17 Maggio 2023 - 05:25

CREMONA - «Il romanzo è una problematicizzazione della libertà e, se sono riuscito nell’intento, non fornisce una risposta univoca. Spero che ogni lettore si faccia un’idea sulla questione fondamentale: se è meglio vivere una vita più limitata, controllata, obbediente ricavandone in cambio serenità, decoro, una società più ordinata; o se invece la libertà sia un valore talmente assoluto che tutto può esserle sacrificato». Enrico Dal Buono, giornalista docente di scrittura creativa, con ‘Ali’ affronta gli argomenti più spinosi dell’uomo come essere sociale mettendogli un paio di ali sulle spalle e porta il lettore in volo a planare sui grandi interrogativi dell’esistenza che da sempre dilaniano il pensiero filosofico e morale. Ne parla con Paolo Gualandris nella videorubrica ‘Tre minuti un libro’ online da oggi sul sito www.laprovinciacr.it.

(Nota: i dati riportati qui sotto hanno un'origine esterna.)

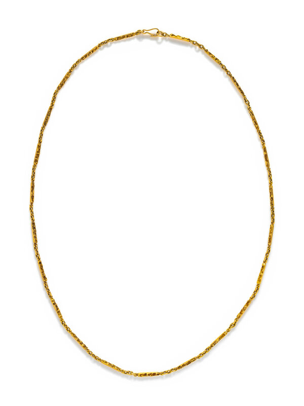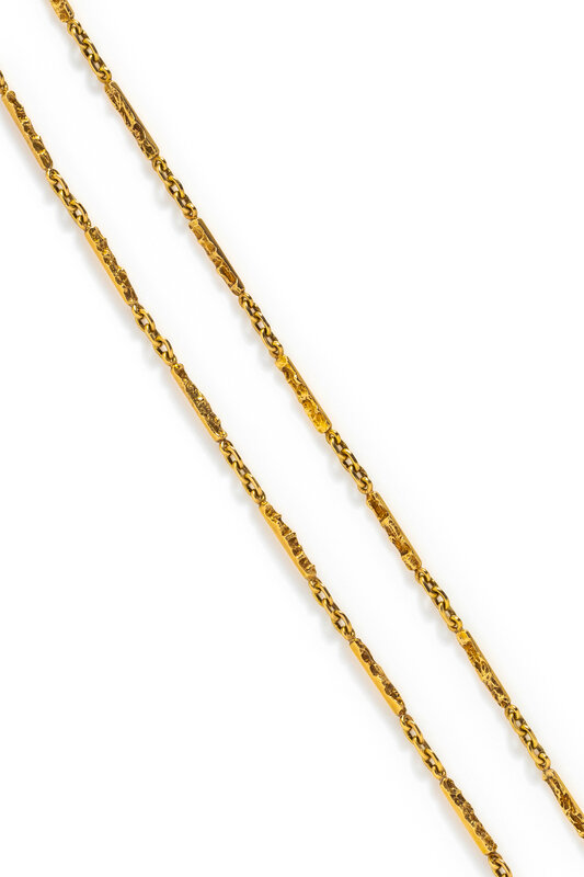 Fancy textured bar link chain. 14 karat yellow gold. 29 inches long.

«In realtà - spiega - questo romanzo è anche il tentativo di destereotipizzare il desiderio più atavico dell’uomo: volare. Nel senso che ho cercato di togliergli tutto quel portato simbolico che nei secoli l’ha avvicinato a un immaginario angelico, dato che nel romanzo le ali sono organi ormai considerati incontrollabili, barbarici, superati, che tendono a portare gli esseri umani in una dimensione in cui sono liberi di essere totalmente se stessi. Inclusi i lati più terribili della personalità umana». Nel cosiddetto altocielo, infatti vengono commessi i peggiori crimini, grandi meschinità, vengono consumati amplessi ‘irregolari’.

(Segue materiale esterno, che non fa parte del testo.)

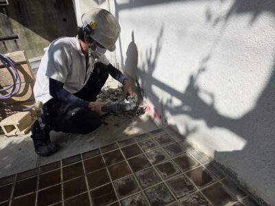 外壁モルタル浮き、斫り

Nonostante l’altezza tipica dell’ambientazione, vi trovano espressione oltre alla sublimità e la poesia anche le bassezze peggiori. Un mondo in cui al di sopra dei mille metri di quota la legge non arriva, la connessione non c’è, quindi ognuno è al sicuro e può essere ciò che vuole essere. E dato che gli esseri umani quando hanno questa libertà assoluta tendono a distruggere se stessi e anche gli altri, nel corso dell’evoluzione sociale, psicologica, filosofica dell’umanità si è arrivati a un punto in cui nasce un movimento per cui si ritiene che l’essere umano debba essere liberato da questo dono terribile delle ali. «La civiltà è qui a livello del suolo, dove gli individui sono obbligati dalla vergogna, dalla leggi, dalle convenzioni a porre un freno alla loro volontà bruta».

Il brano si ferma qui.